What is a jumbo mortgage?
Each year, the Federal Housing Finance Agency sets a limit for conforming mortgage loans -- those adhering to the standards dictated by Fannie Mae and Freddie Mac, the government-sponsored enterprises that buy most home loans and make them available to investors. When you borrow a sum that exceeds the conforming loan limit, you move into jumbo loan territory.
For the bulk of the U.S., the maximum conforming loan limit for one-unit properties is currently $510,400. Certain high-cost areas, including Alaska, Hawaii, Guam, and the U.S. Virgin Islands, however, are subject to higher conforming loan limits of $765,600 for one-unit properties.
Jumbo mortgages are home loans that exceed conforming loan limits. There are technically no limits associated with jumbo loans; jumbo mortgage lenders can determine how much financing they're willing to give out on a case-by-case basis.
One thing that's important to know about jumbo loans is that unlike conforming loans, Fannie Mae and Freddie Mac won't guarantee them. This means that if you take out a jumbo loan and default on your payments, your lender could face serious losses.

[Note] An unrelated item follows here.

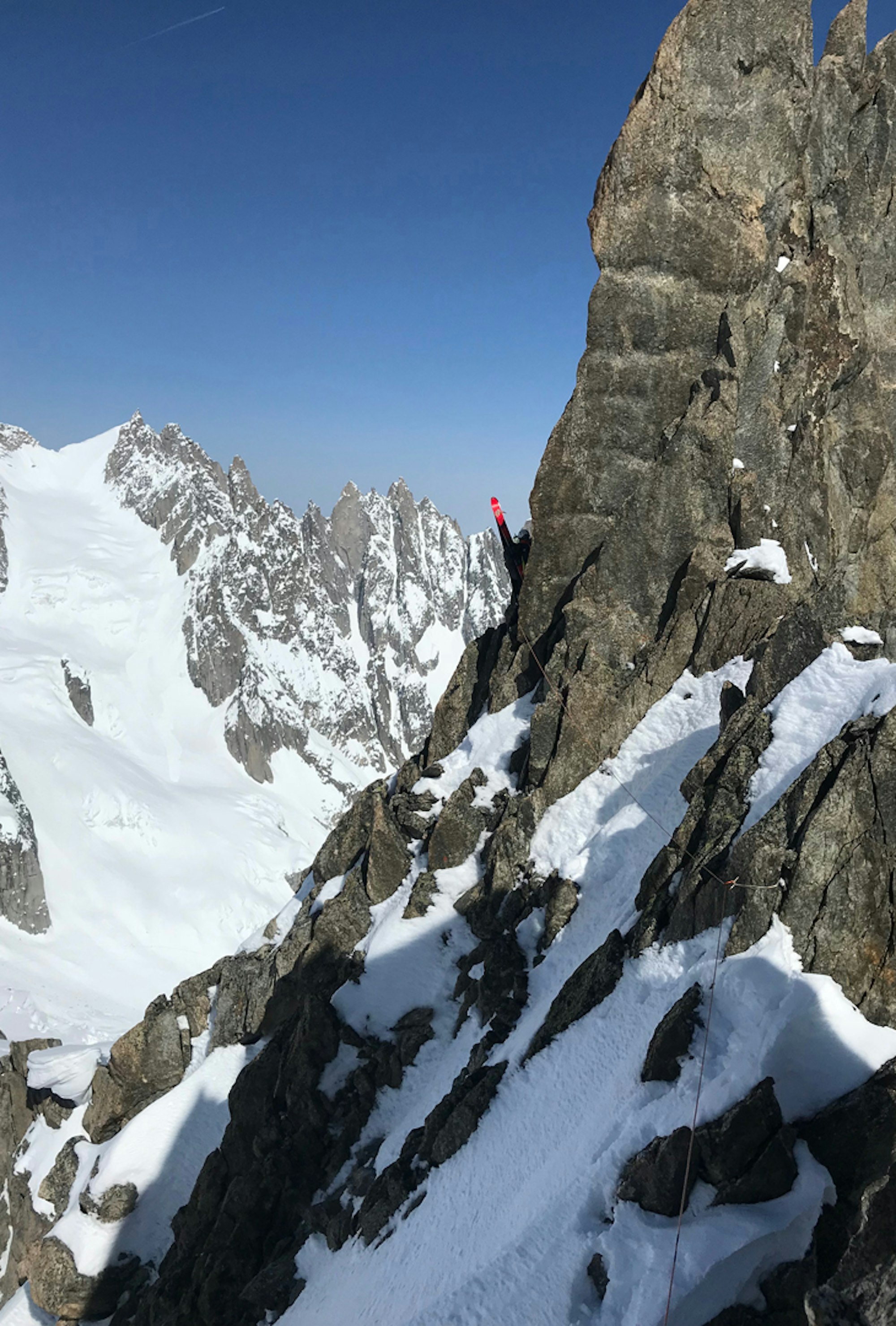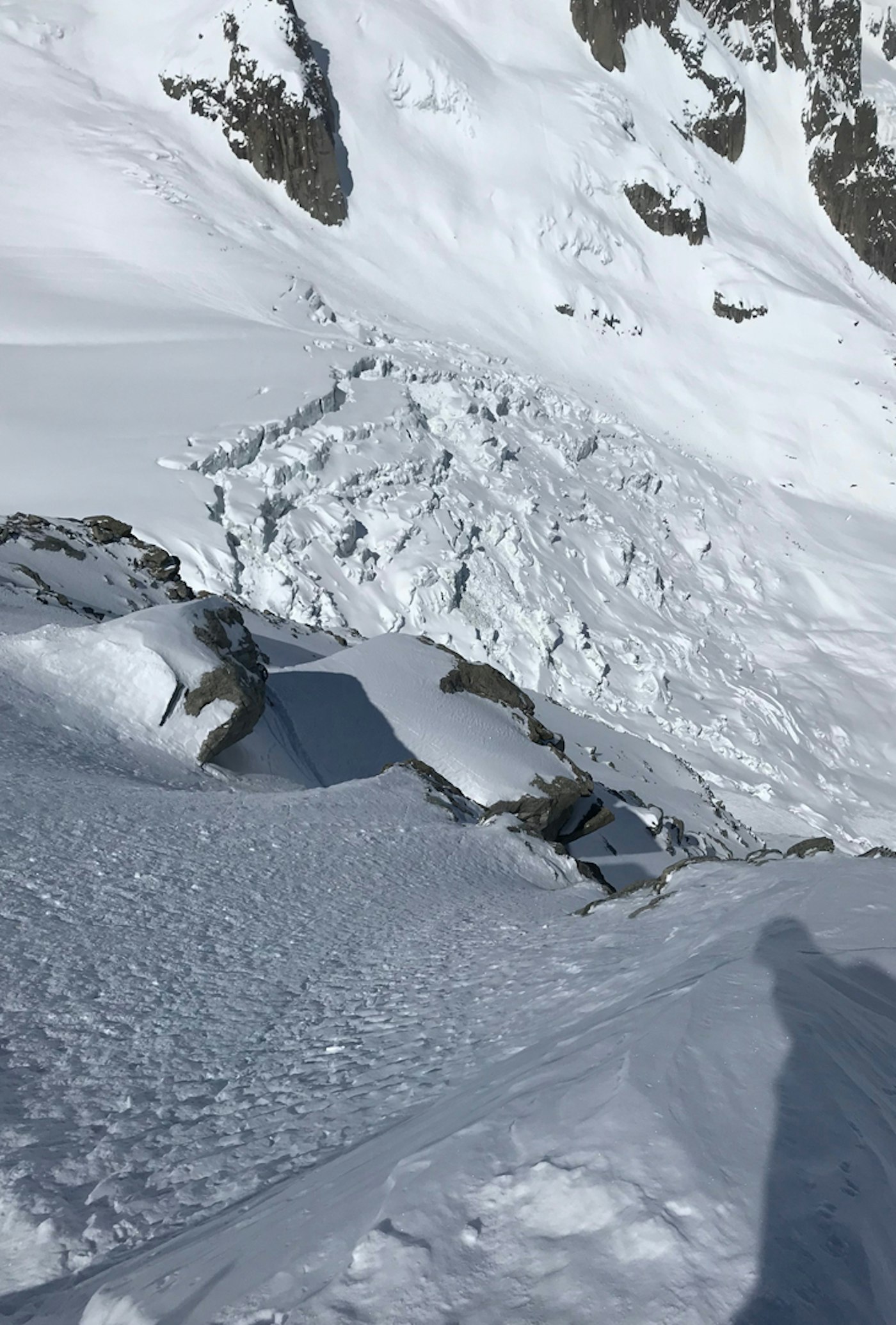 It’s quite the aesthetic line, too. The descent takes you almost 3,300-feet down, starting from a hanging glacier as you weave your way around cliff bands and through constrictions. The line empties you out at the base of the ultra-classic Vallée Blanche glacier just as it connects to the largest glacier in France, the Mer de Glace. We planned to make our descent on a beautiful Saturday in one of the most popular valleys in the world and we knew our every move would be on display to the thousands recreating on the glaciers below. If we took a tumble, we could not only die, but worse, end up embarassed on Jerry of the Day.

Qualifying for a jumbo mortgage
Because jumbo loans aren't backed by Fannie Mae and Freddie Mac, lenders typically impose stricter guidelines to qualify for them. And that makes sense -- jumbo mortgage lenders need to minimize their risk by ensuring that their borrowers are financially capable of keeping up with their housing debt.
To qualify for a jumbo mortgage, you'll generally need:
- Great credit
- High income
- A large amount of cash reserves
You can generally qualify for a conforming home loan with a credit score in the 500s, though in that situation, you may not be eligible for a particularly favorable rate. But if your credit score is anywhere in the 500 to 600 range, you can essentially forget about getting approved for a jumbo mortgage. Usually, you'll need a much higher credit score -- one well above 700 -- to snag a jumbo mortgage. In some limited cases, you might get one with a score in the upper 600s.
You'll need a reasonably high income to get approved for a jumbo mortgage, as well. There's no specific dollar amount you should aim for in this regard. Rather, you need to earn enough money to have a very low debt-to-income ratio. This ratio measures your outstanding monthly debt obligations relative to your earnings. The higher it is, the more financially stretched thin you're apt to be, and so when you're borrowing a huge chunk of money to finance a home, your lender needs to be sure that you have the ability to keep up with your payments.
Finally, you'll usually need to have a sizable amount of cash on hand to get a jumbo mortgage, because lenders often require a 20% down payment on your home's purchase price.
Now you may be thinking: "But isn't 20% the convention anyway?" It's true that you're best off putting down 20% on a conforming home loan to avoid getting hit with private mortgage insurance, which is an extra premium you pay to buy your lender protection against you defaulting on your payments.
But while you can often qualify for a conforming loan without a 20% down payment, if you don't have that 20% on hand, the option to take out a jumbo mortgage may be off the table (not always, though -- some lenders may accept a lower down payment under limited circumstances).
Drawbacks of a jumbo mortgage
Taking out a jumbo mortgage is a good way to open the door to buying a pricier property you can't pay for outright. But there are some definite drawbacks to going this route.
1. Higher interest rates
As mentioned earlier, jumbo mortgages are considered riskier than conforming mortgages because they're not guaranteed by Fannie Mae and Freddie Mac. As such, lenders generally want more upside in return for giving them out, which means jumbo mortgage rates are generally higher than conforming loan rates. The result? You pay even more for your home.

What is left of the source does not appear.